» **RECORD EXTRACTS**
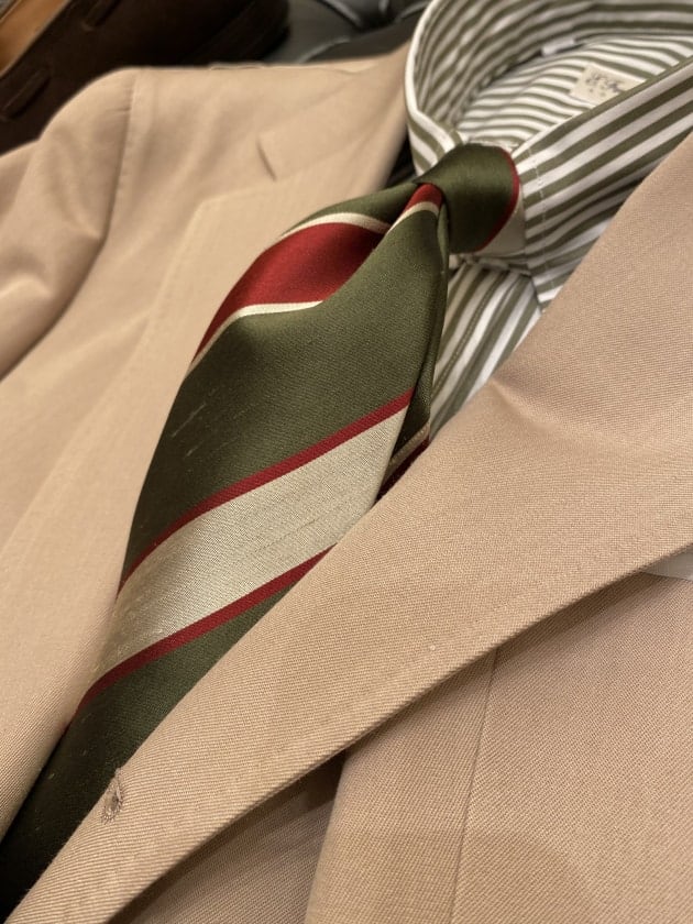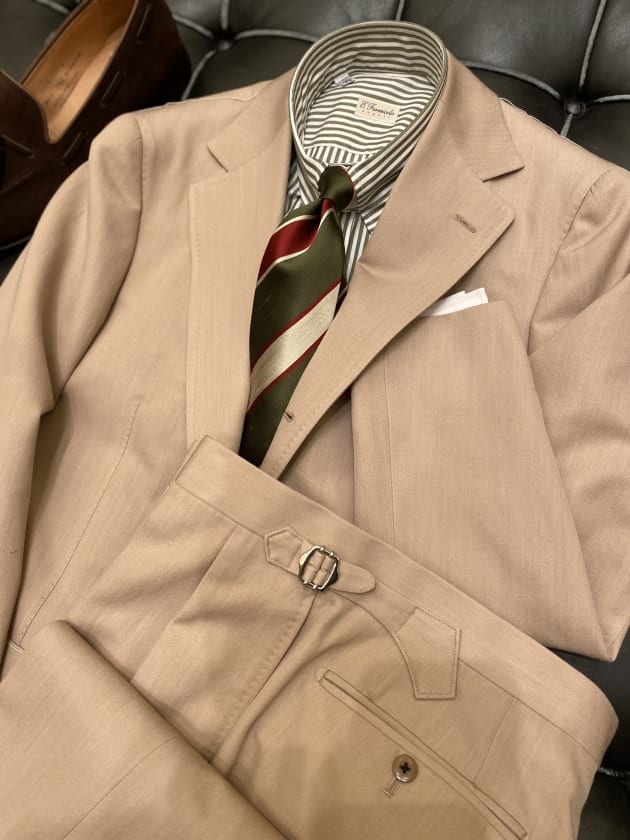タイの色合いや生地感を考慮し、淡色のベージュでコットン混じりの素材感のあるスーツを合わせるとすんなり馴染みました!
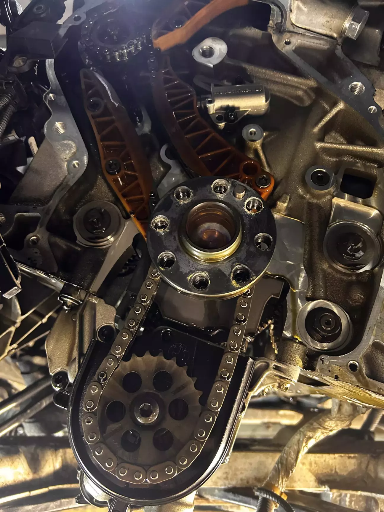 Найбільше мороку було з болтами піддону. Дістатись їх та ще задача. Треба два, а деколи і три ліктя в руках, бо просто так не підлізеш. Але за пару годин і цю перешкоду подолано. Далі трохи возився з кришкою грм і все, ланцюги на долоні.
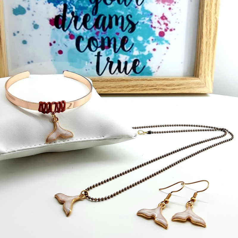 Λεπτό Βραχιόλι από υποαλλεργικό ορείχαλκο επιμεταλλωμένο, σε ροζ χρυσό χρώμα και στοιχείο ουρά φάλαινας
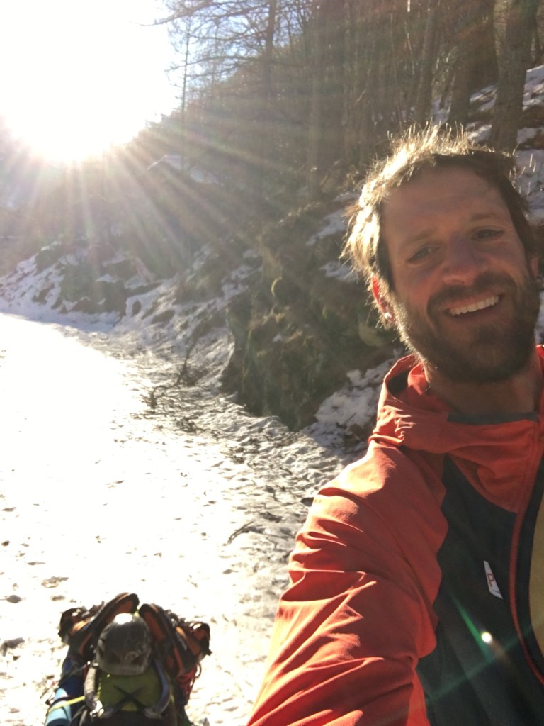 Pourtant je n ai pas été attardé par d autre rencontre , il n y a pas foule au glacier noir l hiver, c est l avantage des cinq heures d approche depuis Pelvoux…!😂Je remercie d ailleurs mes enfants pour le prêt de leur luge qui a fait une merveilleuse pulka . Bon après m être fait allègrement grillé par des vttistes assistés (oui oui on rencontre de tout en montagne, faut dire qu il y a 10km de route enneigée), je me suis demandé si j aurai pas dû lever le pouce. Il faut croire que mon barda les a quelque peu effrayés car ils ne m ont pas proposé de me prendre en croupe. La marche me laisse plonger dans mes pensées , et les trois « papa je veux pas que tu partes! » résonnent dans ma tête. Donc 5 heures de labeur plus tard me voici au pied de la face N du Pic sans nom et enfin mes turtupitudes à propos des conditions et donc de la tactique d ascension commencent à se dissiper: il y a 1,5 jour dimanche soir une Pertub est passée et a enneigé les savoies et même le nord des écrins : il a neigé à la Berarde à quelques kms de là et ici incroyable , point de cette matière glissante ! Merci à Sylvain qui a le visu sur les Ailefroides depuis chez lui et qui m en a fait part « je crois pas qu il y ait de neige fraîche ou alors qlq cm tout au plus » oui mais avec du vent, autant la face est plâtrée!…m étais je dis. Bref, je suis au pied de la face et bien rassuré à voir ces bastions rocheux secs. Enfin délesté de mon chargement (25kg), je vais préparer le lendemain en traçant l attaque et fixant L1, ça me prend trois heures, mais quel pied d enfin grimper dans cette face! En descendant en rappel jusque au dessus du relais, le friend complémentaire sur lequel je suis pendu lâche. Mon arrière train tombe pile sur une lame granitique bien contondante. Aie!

--

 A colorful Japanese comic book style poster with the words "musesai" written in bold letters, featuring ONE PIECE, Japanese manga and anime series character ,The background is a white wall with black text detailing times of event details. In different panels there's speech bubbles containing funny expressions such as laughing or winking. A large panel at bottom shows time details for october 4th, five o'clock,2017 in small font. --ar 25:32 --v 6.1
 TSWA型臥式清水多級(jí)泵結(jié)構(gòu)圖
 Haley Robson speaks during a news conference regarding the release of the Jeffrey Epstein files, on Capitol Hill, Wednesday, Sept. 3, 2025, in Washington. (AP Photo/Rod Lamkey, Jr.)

* * *

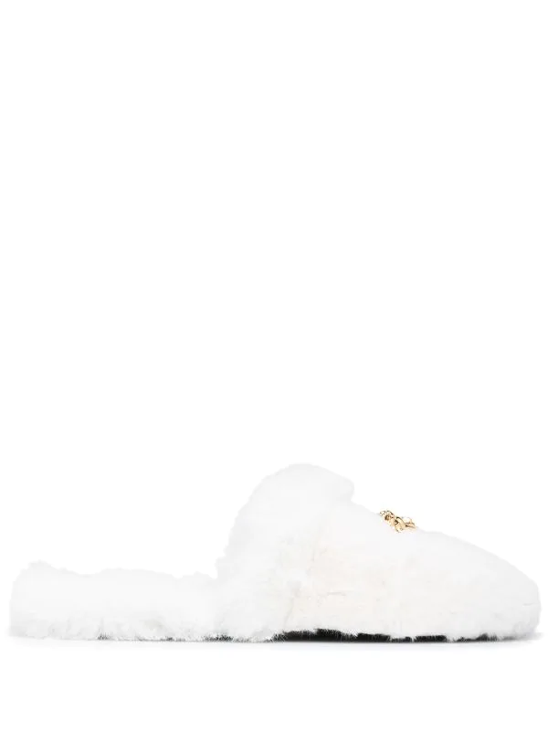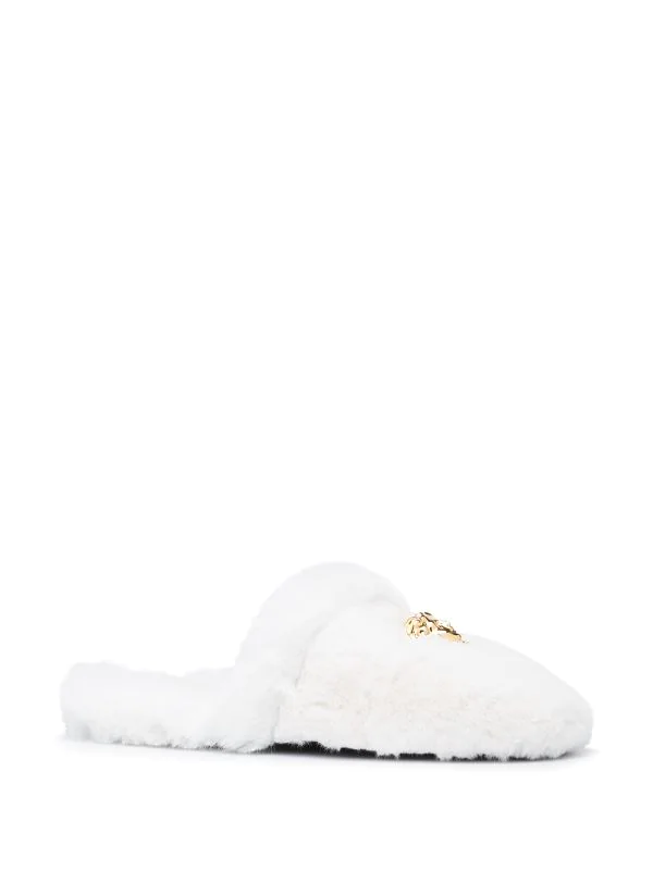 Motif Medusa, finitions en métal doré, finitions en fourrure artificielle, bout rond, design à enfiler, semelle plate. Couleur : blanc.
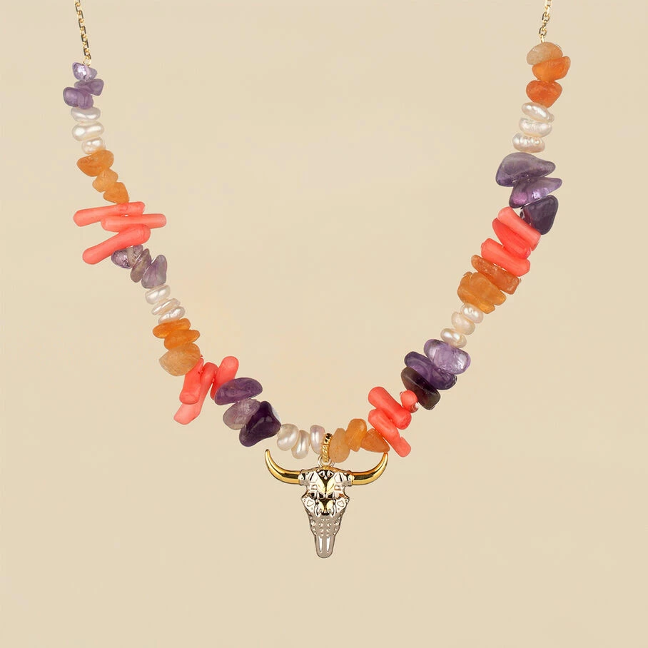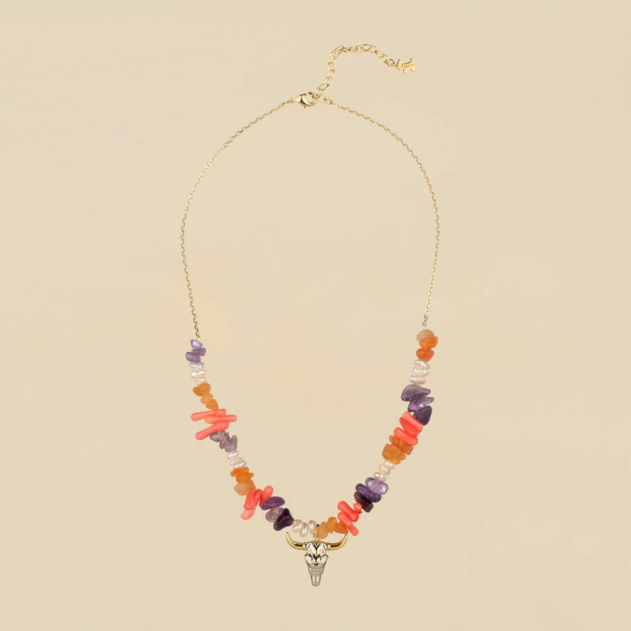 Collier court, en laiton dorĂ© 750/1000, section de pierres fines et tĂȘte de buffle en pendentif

» **EXERCISE**
Look above for the line with "タイの色合いや生地感を考慮し"; quote it and every line after it, stopping after the line with "Λεπτό Βραχιόλι από", exactly, with nothing added and without pictures.

» **RESPONSE BELOW**
タイの色合いや生地感を考慮し、淡色のベージュでコットン混じりの素材感のあるスーツを合わせるとすんなり馴染みました!
 Найбільше мороку було з болтами піддону. Дістатись їх та ще задача. Треба два, а деколи і три ліктя в руках, бо просто так не підлізеш. Але за пару годин і цю перешкоду подолано. Далі трохи возився з кришкою грм і все, ланцюги на долоні.
 Λεπτό Βραχιόλι από υποαλλεργικό ορείχαλκο επιμεταλλωμένο, σε ροζ χρυσό χρώμα και στοιχείο ουρά φάλαινας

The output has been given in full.